**PROBLEM DESCRIPTION:** Output all entries precisely and leave out the pictures.

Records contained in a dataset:
━━━━

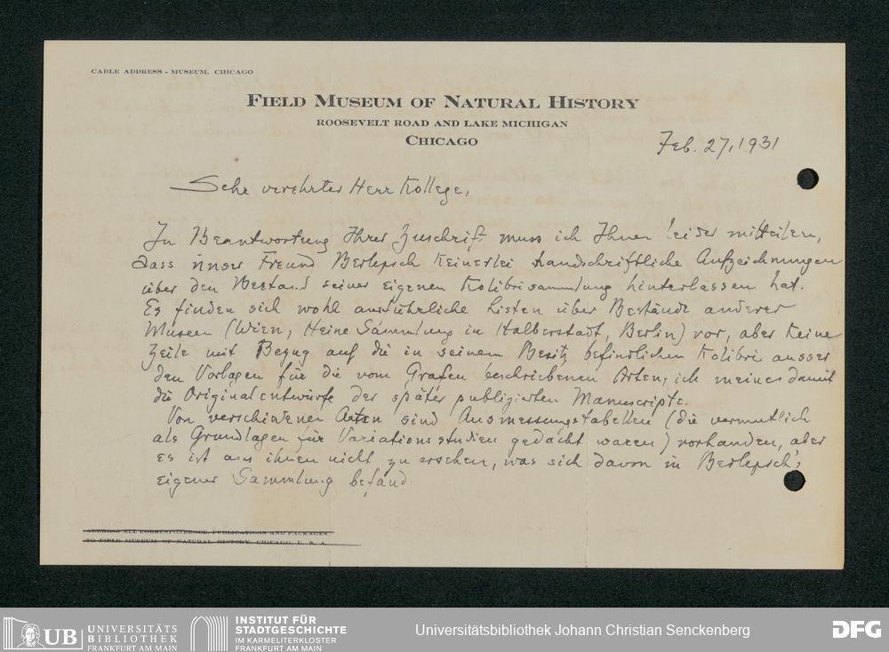 V176 Senckenberg Gesellschaft für Naturforschung, 242 - Ankauf der Vogelsammlung des Grafen Hans von Berlepsch
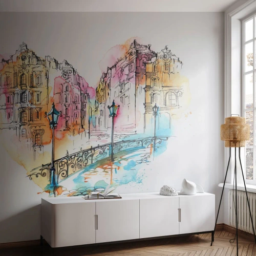 Papier Peint Photo Premium Sand - Le coeur de la ville - Ville, Architecture, Pont - 300x210 cm
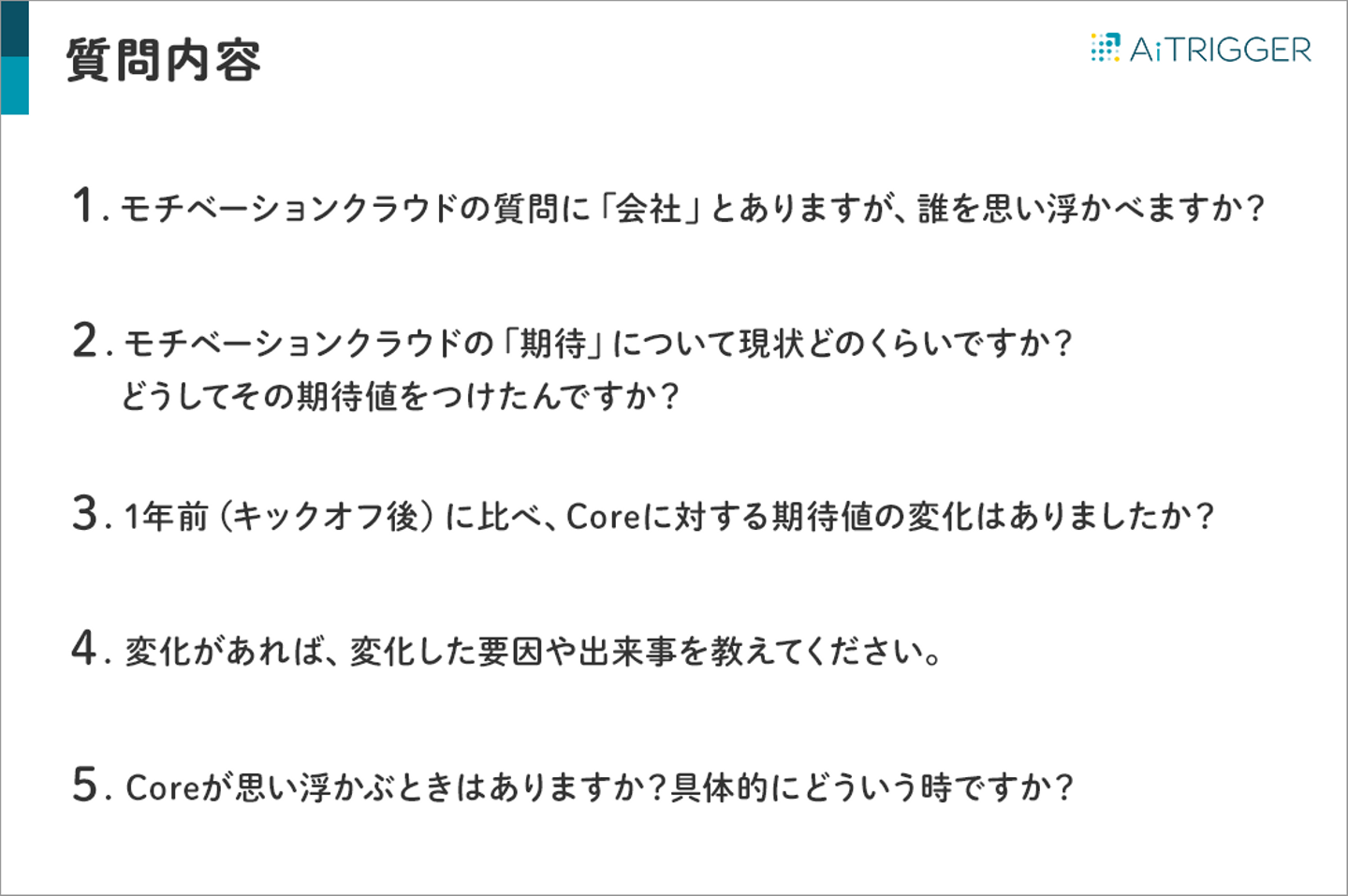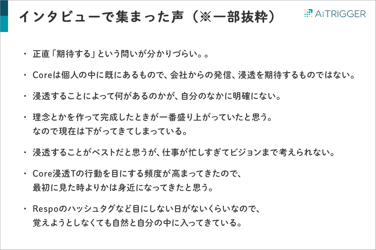モチベーションクラウドのスコアを一部、Core浸透プロジェクトのKPIにしていたのですが、全部署のインタビューを通して、このKPI設定は適していないと判断しました。来期はKPI指標を検討することになりました。
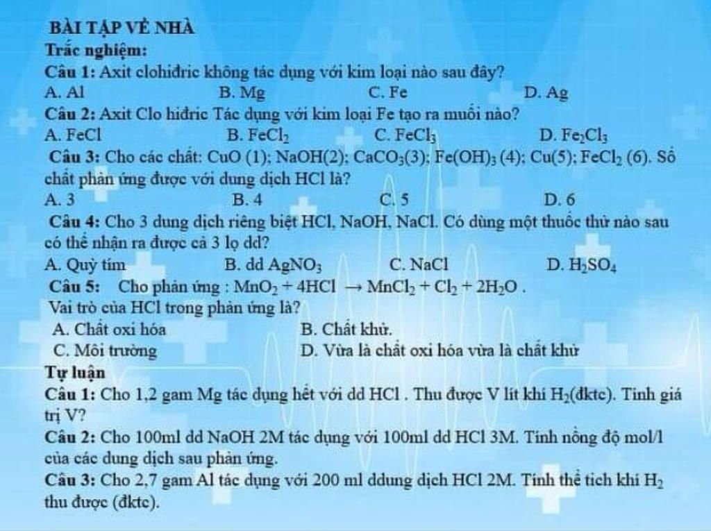 CÂU 2: nNaOH = 0,2 mol ; nHCl = 0,3 mol
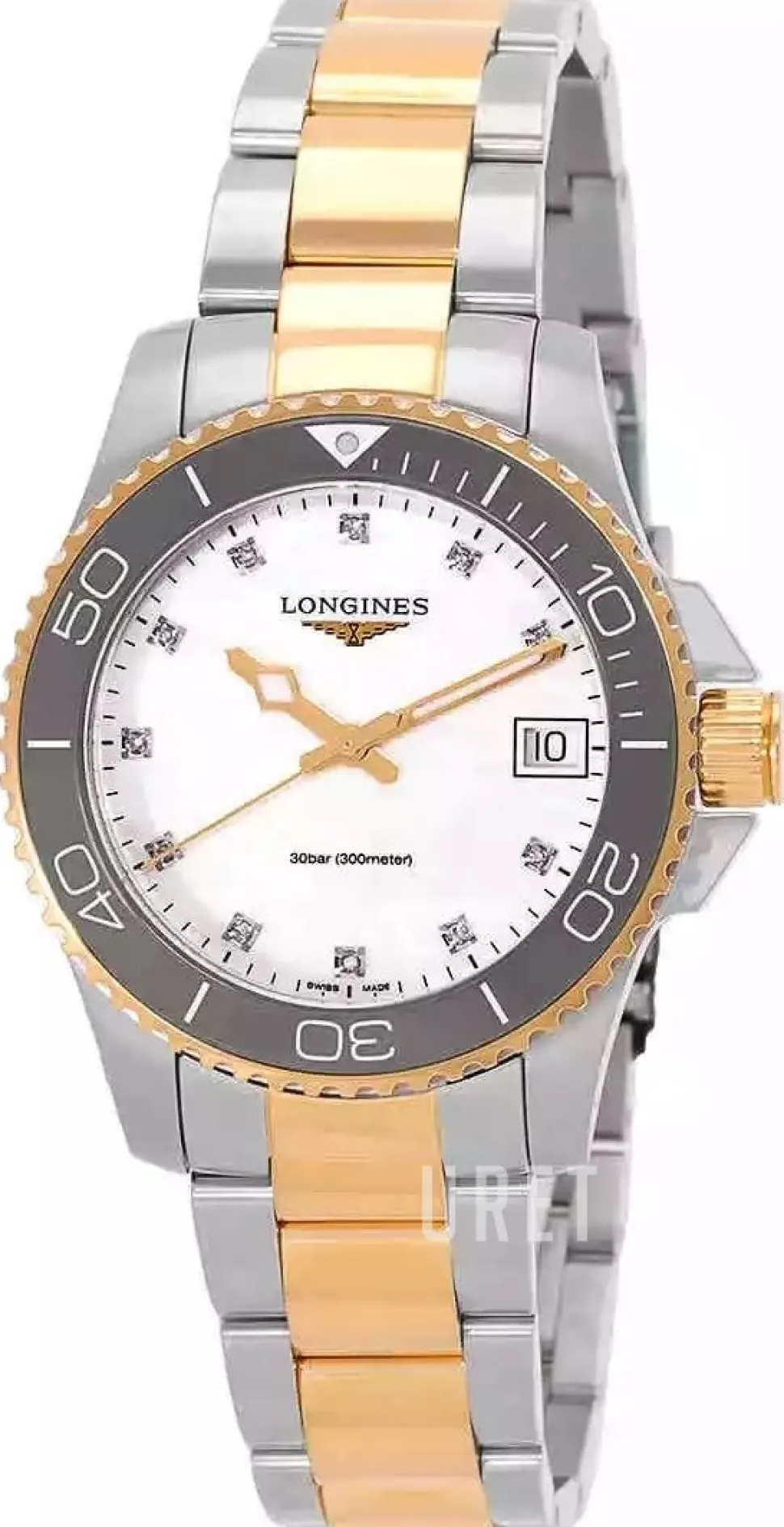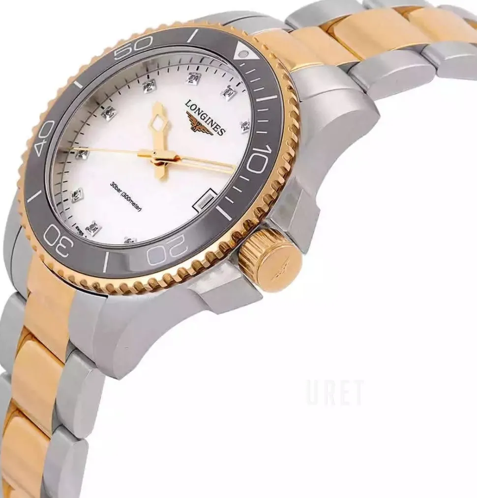 | Urtavla: | Vit pärlemor med diamanter, självlysande visare |
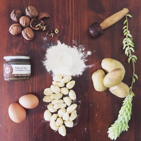 Extra Virgin Olive Oil, Walnuts (42%), Almond Flour, Chili Pepper, Raisins in Malvasia (1.5%), Garlic, Salt.
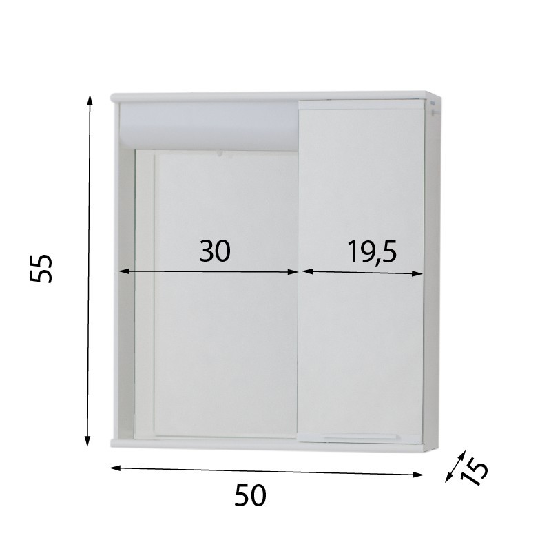 OLSEN SPA - Závěsná skříňka se zrcadlem LUMIX I - Rozměr A - 50 cm, Rozměr B - 15 cm, Rozměr C - 55 cm, Varianta - Pravá (OLNPSE5055P)
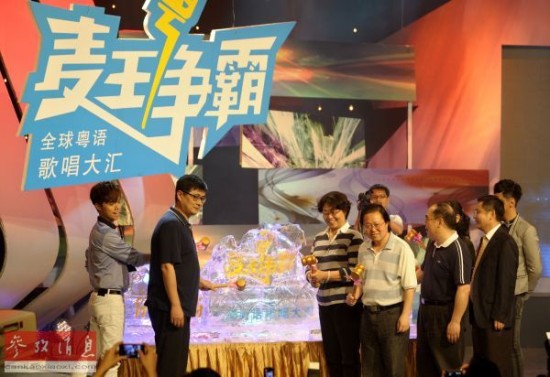 资料图片:由广东电视台珠江频道联合广东电台发起主办的《麦王争霸》全球粤语歌唱大汇在广州启动。
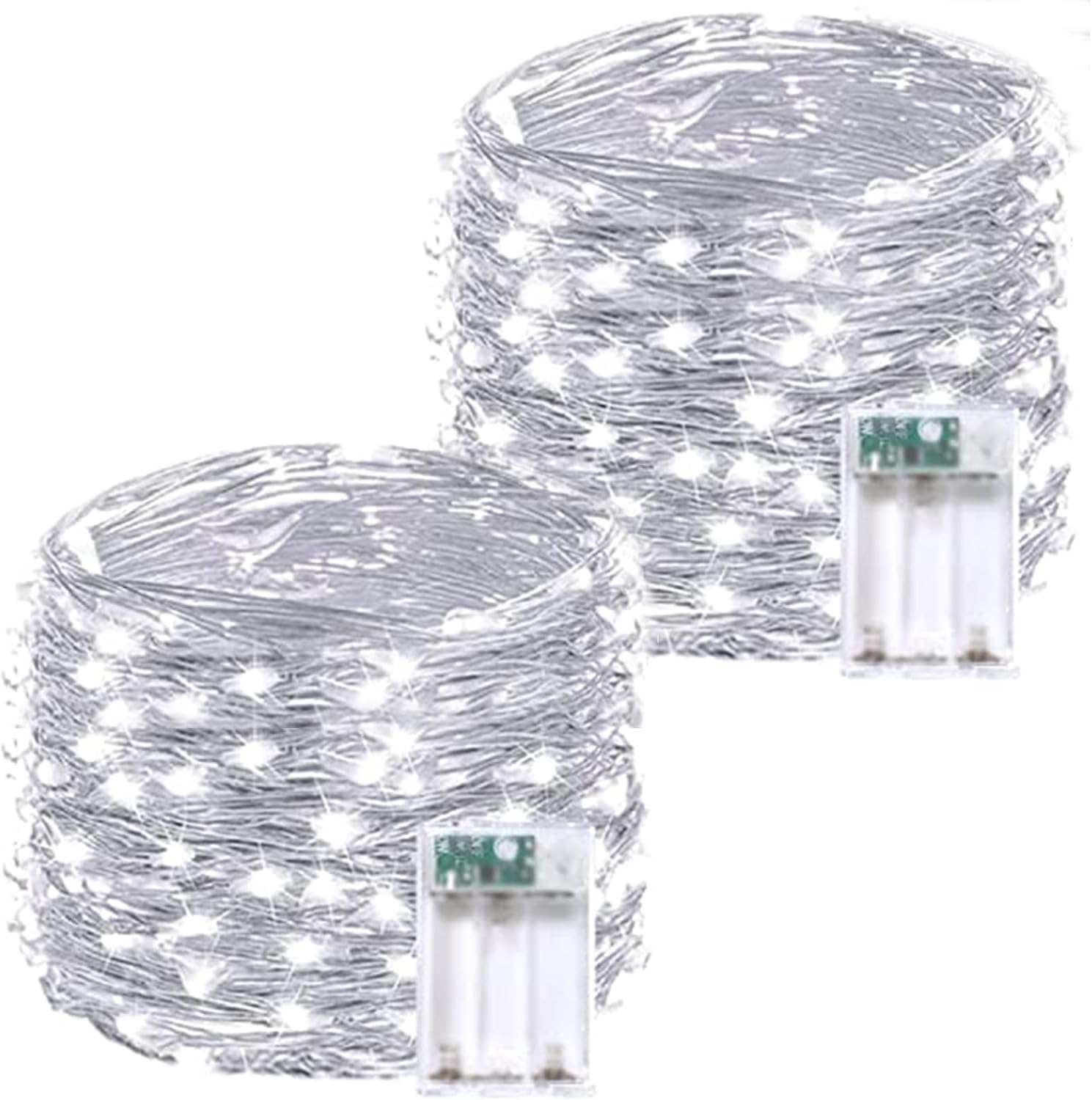 - Ultra-Bright and Durable Battery-Operated Fairy Lights: Each string includes 60 super-bright LEDs, 20 feet of sturdy silver color copper wire, and a battery case with a timer, ensuring longevity and reliability. These cool white lights offer a bright, modern glow, perfect for creating an elegant ambiance. Ideal for indoor and outdoor decor, such as curtain, garland, Christmas tree, bedroom, centerpieces, fireplace, porch, patio, garden, party, and all kinds of holiday decorations.
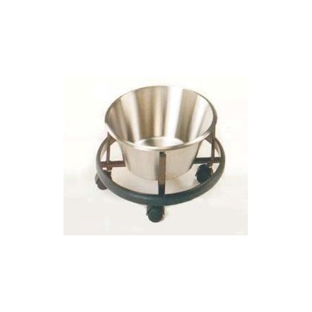 Soporte fabricado en acero esmaltado. Sobre cuatro ruedas. Cubeta en acero inoxidable. Capacidad 8 litros.
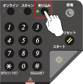 ⑤割り込みコピーが終わりましたら、[割り込み]を押して割り込みモードを終了してください。
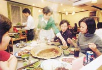 The most popular soup, also the cheapest one, is “yuan yang guo” (the hot pot is separated into two part, which is like the mandarin ducks that always appear in pairs).
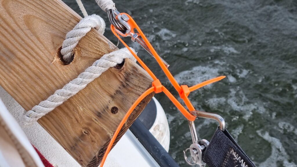 Två fendrar sprang läck när de gjorde sitt jobb, en båtshake gick sönder eftersom jag var optimistisk över vad den skulle tåla, och så skruvade ena mantågsremmens vantskruv ur sig trots låsmuttrar och ramlade av nånstans utanför Mariestad. Spännband ersatte (buntband på bilden, men det var den tillfälliga tillfälliga lagningen).
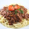 Leckeres Nudelgericht mit Tomatensauce und Rinderhack.
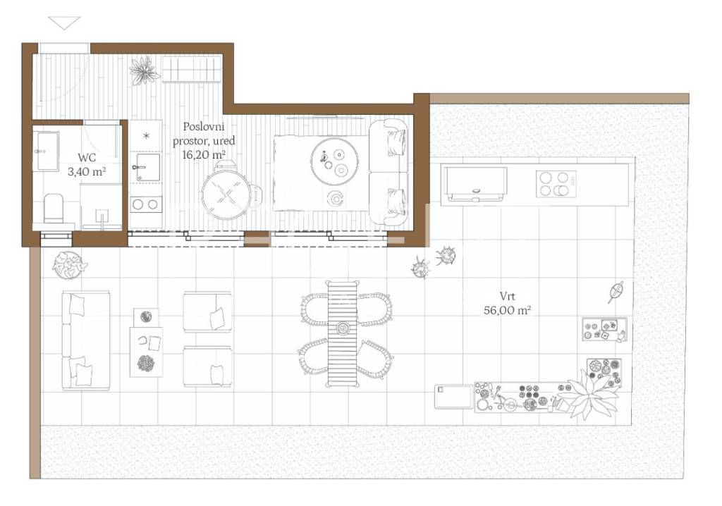 Au rez-de-chaussée d'un nouveau bâtiment à Kaštel Lukšić, un espace commercial de 33,60 m² est disponible avec un jardin attenant de 56 m². L'espace est adapté aux activités qui nécessitent un emplacement calme et un espace extérieur supplémentaire pour le travail ou les clients, mais aussi comme investissement touristique potentiel avec la possibilité de le transformer en appartement ou en un hébergement similaire. La partie intérieure se compose d'un espace de bureau de 16,20 m² et de sanitaires (WC) de 3,40 m². Le jardin offre la possibilité d'organiser des séances en plein air, des présentations, des ateliers ou du contenu destiné aux clients et aux touristes. Situé entre Kaštel Lukšić et Kaštel Kambelovac, l'espace est situé au rez-de-chaussée d'un immeuble résidentiel moderne dans un quartier calme de la ville. À proximité se trouvent des locataires au sein du projet, ce qui assure des utilisateurs potentiels des services, ainsi que la proximité de la route principale, des commerces, des écoles et des jardins d'enfants. Le début de la construction est prévu pour septembre 2025. L'achèvement des travaux est prévu d'ici la fin de 2026, et l'installation sera possible après l'obtention du permis d'utilisation. Le paiement peut être convenu par étapes, en fonction de l'avancement de la construction. Pour plus d'informations et pour une visite, n'hésitez pas à nous contacter.

━━━━

**REPLY:**
 V176 Senckenberg Gesellschaft für Naturforschung, 242 - Ankauf der Vogelsammlung des Grafen Hans von Berlepsch
 Papier Peint Photo Premium Sand - Le coeur de la ville - Ville, Architecture, Pont - 300x210 cm
モチベーションクラウドのスコアを一部、Core浸透プロジェクトのKPIにしていたのですが、全部署のインタビューを通して、このKPI設定は適していないと判断しました。来期はKPI指標を検討することになりました。
 CÂU 2: nNaOH = 0,2 mol ; nHCl = 0,3 mol
 | Urtavla: | Vit pärlemor med diamanter, självlysande visare |
 Extra Virgin Olive Oil, Walnuts (42%), Almond Flour, Chili Pepper, Raisins in Malvasia (1.5%), Garlic, Salt.
 OLSEN SPA - Závěsná skříňka se zrcadlem LUMIX I - Rozměr A - 50 cm, Rozměr B - 15 cm, Rozměr C - 55 cm, Varianta - Pravá (OLNPSE5055P)
 资料图片:由广东电视台珠江频道联合广东电台发起主办的《麦王争霸》全球粤语歌唱大汇在广州启动。
 - Ultra-Bright and Durable Battery-Operated Fairy Lights: Each string includes 60 super-bright LEDs, 20 feet of sturdy silver color copper wire, and a battery case with a timer, ensuring longevity and reliability. These cool white lights offer a bright, modern glow, perfect for creating an elegant ambiance. Ideal for indoor and outdoor decor, such as curtain, garland, Christmas tree, bedroom, centerpieces, fireplace, porch, patio, garden, party, and all kinds of holiday decorations.
 Soporte fabricado en acero esmaltado. Sobre cuatro ruedas. Cubeta en acero inoxidable. Capacidad 8 litros.
 ⑤割り込みコピーが終わりましたら、[割り込み]を押して割り込みモードを終了してください。
 The most popular soup, also the cheapest one, is “yuan yang guo” (the hot pot is separated into two part, which is like the mandarin ducks that always appear in pairs).
 Två fendrar sprang läck när de gjorde sitt jobb, en båtshake gick sönder eftersom jag var optimistisk över vad den skulle tåla, och så skruvade ena mantågsremmens vantskruv ur sig trots låsmuttrar och ramlade av nånstans utanför Mariestad. Spännband ersatte (buntband på bilden, men det var den tillfälliga tillfälliga lagningen).
 Leckeres Nudelgericht mit Tomatensauce und Rinderhack.
 Au rez-de-chaussée d'un nouveau bâtiment à Kaštel Lukšić, un espace commercial de 33,60 m² est disponible avec un jardin attenant de 56 m². L'espace est adapté aux activités qui nécessitent un emplacement calme et un espace extérieur supplémentaire pour le travail ou les clients, mais aussi comme investissement touristique potentiel avec la possibilité de le transformer en appartement ou en un hébergement similaire. La partie intérieure se compose d'un espace de bureau de 16,20 m² et de sanitaires (WC) de 3,40 m². Le jardin offre la possibilité d'organiser des séances en plein air, des présentations, des ateliers ou du contenu destiné aux clients et aux touristes. Situé entre Kaštel Lukšić et Kaštel Kambelovac, l'espace est situé au rez-de-chaussée d'un immeuble résidentiel moderne dans un quartier calme de la ville. À proximité se trouvent des locataires au sein du projet, ce qui assure des utilisateurs potentiels des services, ainsi que la proximité de la route principale, des commerces, des écoles et des jardins d'enfants. Le début de la construction est prévu pour septembre 2025. L'achèvement des travaux est prévu d'ici la fin de 2026, et l'installation sera possible après l'obtention du permis d'utilisation. Le paiement peut être convenu par étapes, en fonction de l'avancement de la construction. Pour plus d'informations et pour une visite, n'hésitez pas à nous contacter.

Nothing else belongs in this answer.